The 3rd Brigade, 82nd Airborne Division comprising:
- 1st Battalion, 505th Infantry Regiment
- 2nd Battalion, 505th Infantry Regiment
was based at Phu Loi from September 1968-December 1969

Other units stationed at Phu Loi included:
- 11th Combat Aviation Battalion:
  - 128th Assault Helicopter Company
  - 173rd Assault Helicopter Company before moving to Lai Khe
  - 205th Aviation Support Helicopter Company
  - 213th Aviation Support Helicopter Company
- D Troop, 1st Squadron, 4th Cavalry Regiment
- AVEL Central Avionics (January 1966-April 1972)

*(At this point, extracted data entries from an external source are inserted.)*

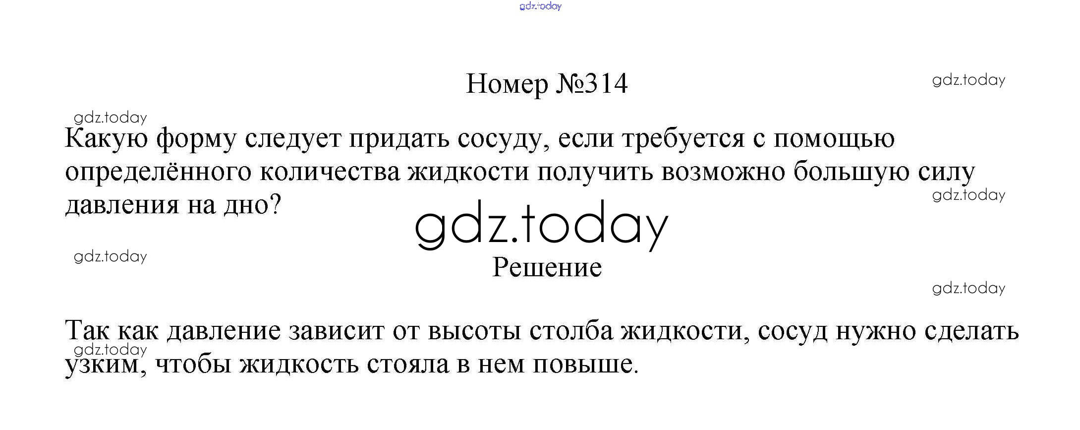 На страницах сайта gdz.today вы найдете учебный и вспомогательный материал, направленный на улучшения знаний школьной программы. ГДЗ - онлайн мир знаний Решение к заданиям 7 класс 314 Сборнику вопросов и задач по Физике для 7-9 класса Марон, Позойский Дрофа Вертикаль 2013
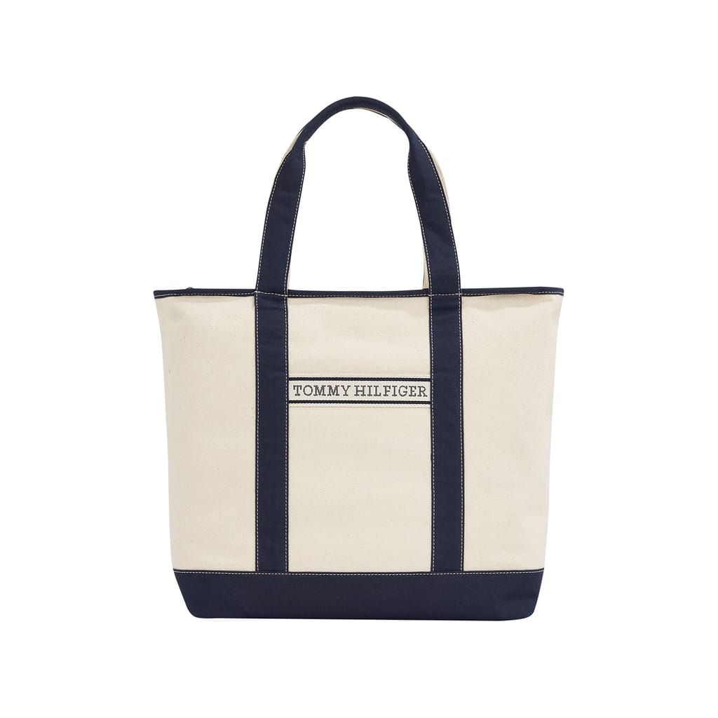 Discover the Tommy Hilfiger tote, a stylish addition to your collection. This color block design features a secure zipper closure and a practical double handle for easy carrying. The iconic logo embellishment adds a touch of brand recognition, making it a perfect blend of fashion and functionality. -
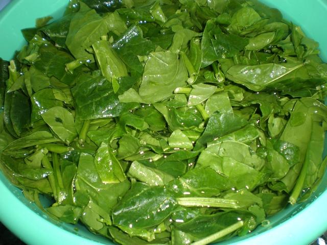 Prepara las espinacas, si las has comprado frescas primero corta los tallos gruesos con la ayuda de un cuchillo o retíralos con la mano. Luego, colócalas en un escurridor y remójalas bajo el grifo durante unos minutos para quitar cualquier resto de suciedad. Una vez estén listas, trocéalas e introdúcelas en la olla junto a la cebolla y el ajo y añade agua hasta llegar a cubrir las espinacas por completo.
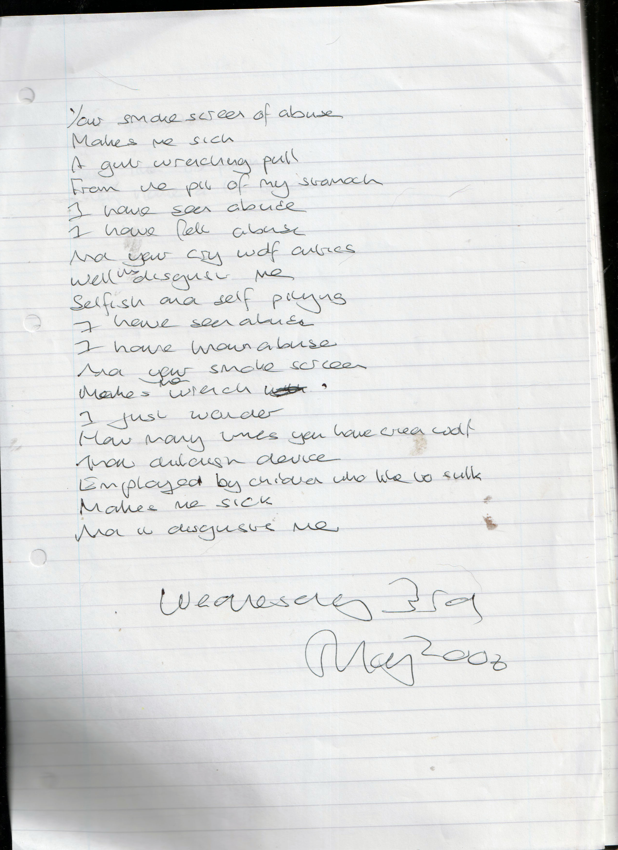 Cry Wolf – Written Wednesday 3rd May 2006 (Aged 31)
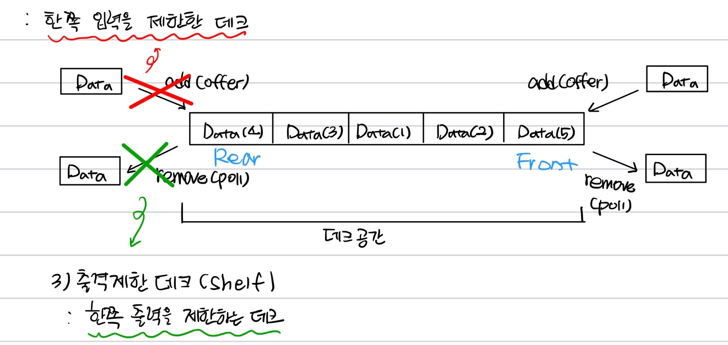- 양쪽에서 삽입 및 삭제할 수 있는 데이터 구조
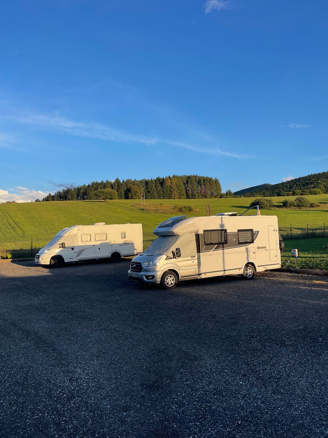 - Each place has the possibility of connecting to electricity (230 V) and water supply.
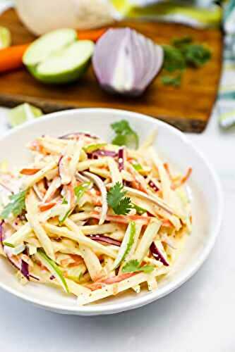 Let me tell you, there is nothing that can be compared to the delicious, simple, tasty, rich, crunchy, and vegan Jicama slaw we have today for you!

- 2nd Battalion, 34th Armor
- 34th Engineer Battalion (May 1968-October 1971)
- 1st Battalion, 27th Artillery (April–November 1967)
- 6th Battalion, 27th Artillery (March 1970-April 1971)
- 2nd Battalion, 32nd Artillery (October 1969-January 1972)
- A Battery, 5th Battalion, 42d Field Artillery (January–March 1972)
- 44th Signal Battalion (May–June 1972)
- 82nd Brigade Support Battalion
- 3rd Battalion, 197th Artillery (September 1968-September 1969)
- Revolutionary Development Task Force (RDTF-Helper) (June 1966-July 1967)

==Current use==
The base is largely abandoned, but a small section serves a museum. The former airfield is still clearly visible on satellite images.